Setting up simulations

Mapping physical quantities to simulation parameters

Having a good grasp of how choosing lattice-Boltzmann parameters such as grid size, numerical viscosity and maximum velocity affects the results is essential for running simulations efficiently and for interpreting their results. The mapping between physical quantities describing a system and their corresponding counterparts in the simulation is often a source of unnecessary confusion. In this section, we will show how to do it and how different choices of various simulation parameters impact the precision of the results and simulation time.

Throughout this section, we will be working with a specific physical system that we will be using as an example. We choose a 2D system with the following parameters:

  • width: 2 m
  • height L: 1 m
  • flow speed u_{phys}: 10 m/s
  • Reynolds number Re: 1000

We will now want to determine the lattice size 2N \times N, numerical viscosity \nu_{lb} and the lattice time step size \Delta t \,[\mathrm{s / lt}] in physical units.

In lattice units, a single time step of the simulation is by definition 1 lt, and the space between two lattice nodes is 1 lu.

The following simple relations will prove to be very useful in the next subsections:

  • the lattice spacing: \Delta x = L / (N-1) \,[\mathrm{m / lu}]
  • the lattice flow speed: u_{lb} = \frac{\Delta t}{\Delta x} u_{phys}
  • the lattice viscosity: \nu_{lb} = \frac{\Delta t}{\Delta x^2} \frac{u_{phys} L}{Re} = \frac{u_{lb} (N-1) }{\mathrm{Re}}

Assuming a known lattice size and Reynolds number

Let’s choose a lattice of 101x201 nodes. This sets the lattice spacing to \Delta x = 0.01 \,\mathrm{m/lu}. We know the Reynolds number, which is 1000, but we need one more constraint to calculate the size of the time step and the numerical viscosity. The constraint we need is the maximum lattice flow speed. The flow speed can never exceed the lattice speed of sound c_s, which is 1/\sqrt{3} lu/lt for the D2Q9 lattice. It will in fact have to be much lower than that, since the Lattice Boltzmann model only works in the limit of low Mach numbers. The highest relatively safe value used in practice is 0.1 lu/lt, and this is what we are going to use for calculation.
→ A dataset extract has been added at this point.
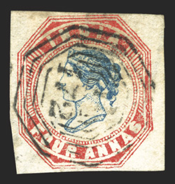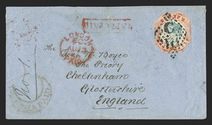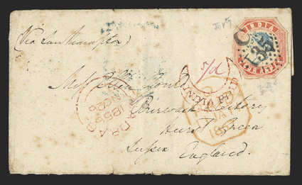 1056 c SG #36 ImageS.G. #36, 1855 8a Carmine on blue glazed paper, die I, tied along with ½a Pale blue, 1a Brown and 2a Dull pink (S.G. #38, 39, 41) by Calcutta datestamps and "B/1" in octagon cancels (Renouf Ty. 7a, without the outermost octagon) to 1861 cover to Boston, "per Str. Nemesis/via Marseilles" directive, oval "Forwarded By/Goddard & Co./Calcutta" handstamp on reverse, red boxed "INDIA PAID" handstamp, red London transit and ms. "1/6" credit, "Boston Am. Pkt./Oct 4" backstamp, red "16/cents" credit and "5" due for local delivery, very fine and handsome four-color franking as well as being a very scarce cancellation. (Image) Est. $200-300

Setting:

10 \,\mathrm{\frac{m}{s}} = 0.1 \,\mathrm{\frac{lu}{lt}} \frac{\Delta x}{\Delta t}

we can easily calculate the time step size, which is \Delta t = 10^{-4} \,\mathrm{s / lt} and the lattice viscosity \nu_{lb} = 10^{-2} \,\mathrm{\frac{lu^2}{lt}}.

If we wanted to simulate a flow of a duration of 1 s, we would need 10000 iterations, which corresponds to approximately 100 \times 200 \times 10000 = 2 \cdot 10^{8} lattice node updates.

It is also easy to see that the size of the time step scales linearly with the maximum velocity, i.e. if we decrease the maximum flow speed 10 times, we will need to run the simulation 10 times longer to reach the physical time of 1s. We will also need to decrease the numerical viscosity \nu_{lb} 10 times in order to make sure we’re simulating the same physical system.

Assuming a known numerical viscosity and Reynolds number

Starting with a known numerical viscosity will some times make sense, as all LB models have a limited range of viscosities for which they are stable. Let’s start with a value of \nu_{lb} = 0.1 \,\mathrm{\frac{lu^2}{lt}} and Re = 1000 as above. We will need to determine the lattice spacing and time step size. Using the lattice viscosity and lattice flow speed equations we get, respectively: 0.1 \,\mathrm{\frac{lu^2}{lt}} = \frac{\Delta t}{\Delta x^2} 0.01 \,\mathrm{\frac{m^2}{s}} and 0.1 \,\mathrm{\frac{lu}{lt}} = \frac{\Delta t}{\Delta x} 10 \,\mathrm{\frac{m}{s}}, which we can easily solve to get \Delta x = 10^{-3} \,\mathrm{m / lu} and \Delta t = 10^{-5} \,\mathrm{s / lt}.

To get a physical duration of 1 s, we thus need 10^5 iterations on a lattice of 1001 \times 2001 or 2 \cdot 10^{11} lattice node updates. The price to pay for the increased stability and precision of the simulation is a larger lattice and much longer simulation time.

By decreasing the viscosity by a factor of 10, we could increase both the step size and the time step size by a factor of 10, and thus cut the overall simulation time by a factor of 10^3 (or 10^4 for 3D simulations).